Pasukan Ukraina tetap berada di beberapa bagian wilayah tetangga Rusia, Kursk, delapan bulan setelah serangan lintas perbatasan, meskipun pasukan Rusia telah merebut kembali banyak wilayah yang hilang.
Dalam pidato video malam harinya, Presiden Zelensky mengatakan komandan tertinggi Ukraina, Jenderal Oleksandr Syrskyi, telah menyampaikan laporan "di garis depan, kehadiran kami di wilayah Kursk dan kehadiran kami di wilayah Belgorod."
"Kami melanjutkan operasi aktif di wilayah perbatasan musuh dan ini sepenuhnya dibenarkan. Perang harus kembali ke tempat asalnya," ujar Presiden Zelensky, melansir Reuters 8 April.

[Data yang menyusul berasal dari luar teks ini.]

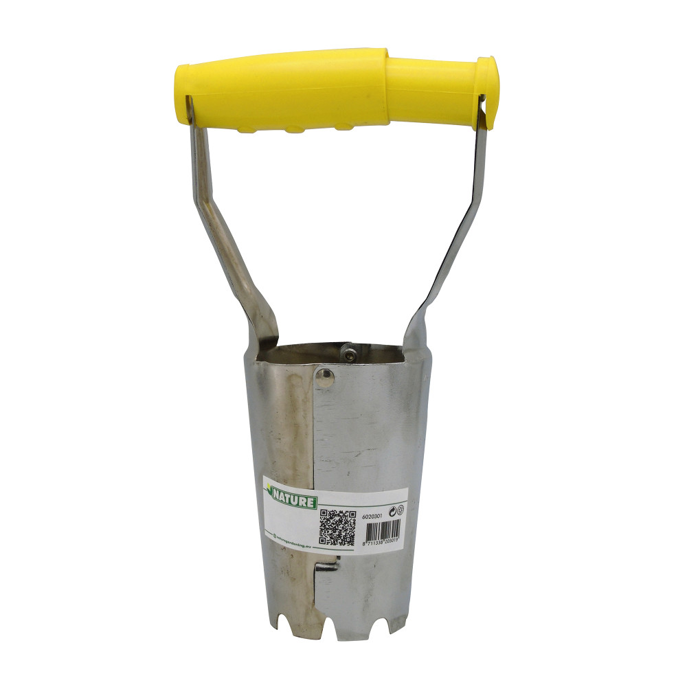 - A nyomógombos, ergonomikus markolattal a tölcsér szétnyitható, hogy a föld kicsusszanjon.

"Tujuan utama kami tetap sama: melindungi tanah dan masyarakat kami di wilayah Sumy dan Kharkiv dari penjajah Rusia," lanjut Presiden Zelensky.
Lebih jauh Presiden Zelensky merujuk pada operasi di wilayah tersebut oleh Resimen Serbu ke-225 Ukraina dan memberi selamat kepada unit tersebut atas kinerjanya.

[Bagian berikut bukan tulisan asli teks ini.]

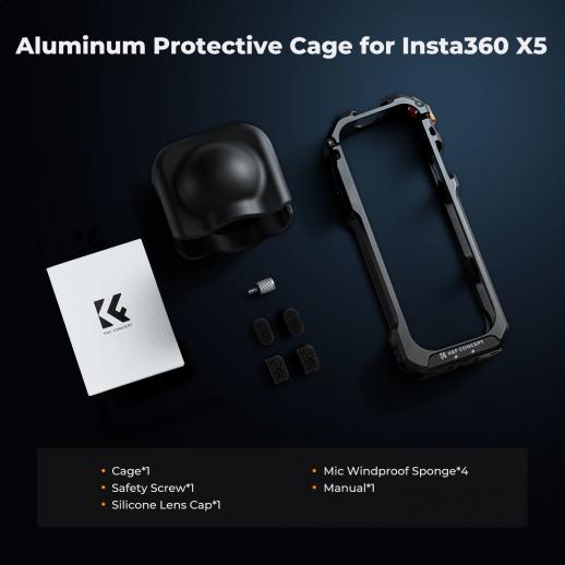 - * [Til Insta360 X5]: K&F Concept Standard aluminiumsbur er kompatibelt med mikrofoner og LED-lys, hvilket giver en perfekt løsning til vlogoptagelse. Det understøtter udskiftning af objektiv og batterier, samtidig med at det har adgang til kameraets strømforsyning, betjening og opladningsporte.

Presiden Zelensky mengulangi pernyataan lama Kyiv, meskipun Rusia merebut kembali wilayah Kursk dalam beberapa minggu terakhir, operasi tersebut berhasil karena menarik pasukan Rusia menjauh dari garis depan utama perang di wilayah Donetsk, Ukraina.

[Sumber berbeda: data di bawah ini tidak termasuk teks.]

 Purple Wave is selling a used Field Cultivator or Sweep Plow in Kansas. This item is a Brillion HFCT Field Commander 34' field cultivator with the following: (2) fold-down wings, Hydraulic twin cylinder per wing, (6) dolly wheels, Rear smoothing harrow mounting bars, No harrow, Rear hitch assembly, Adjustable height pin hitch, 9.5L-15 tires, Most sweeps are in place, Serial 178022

"Berkat seluruh operasi Kursk, kami telah berhasil mengurangi tekanan pada sektor garis depan lainnya, khususnya di wilayah Donetsk," ungkap Presiden Zelensky.
Bulan lalu Ia secara tidak langsung merujuk pada "langkah-langkah tertentu" yang dilakukan oleh militer Ukraina di Rusia "sedikit di bawah wilayah Kursk", yang secara implisit menunjukkan kehadiran di wilayah Belgorod.
Terpisah, blogger militer Rusia telah melaporkan pertempuran di wilayah Belgorod antara pasukan Rusia dan Ukraina.
BACA JUGA:
Sebelumnya, Rusia pada Hari Minggu mengatakan pasukannya telah merebut Desa Basivka di wilayah Sumy di timur laut Ukraina, seberang Kursk, menyerang pasukan Ukraina di berbagai permukiman.
Diketahui, Presiden Rusia Vladimir Putin telah berulang kali menyerukan agar pasukan Rusia membentuk zona penyangga di sepanjang perbatasan.
Namun, seorang juru bicara militer Ukraina pada Hari Senin mengeluarkan bantahan Basivka berada di tangan Rusia.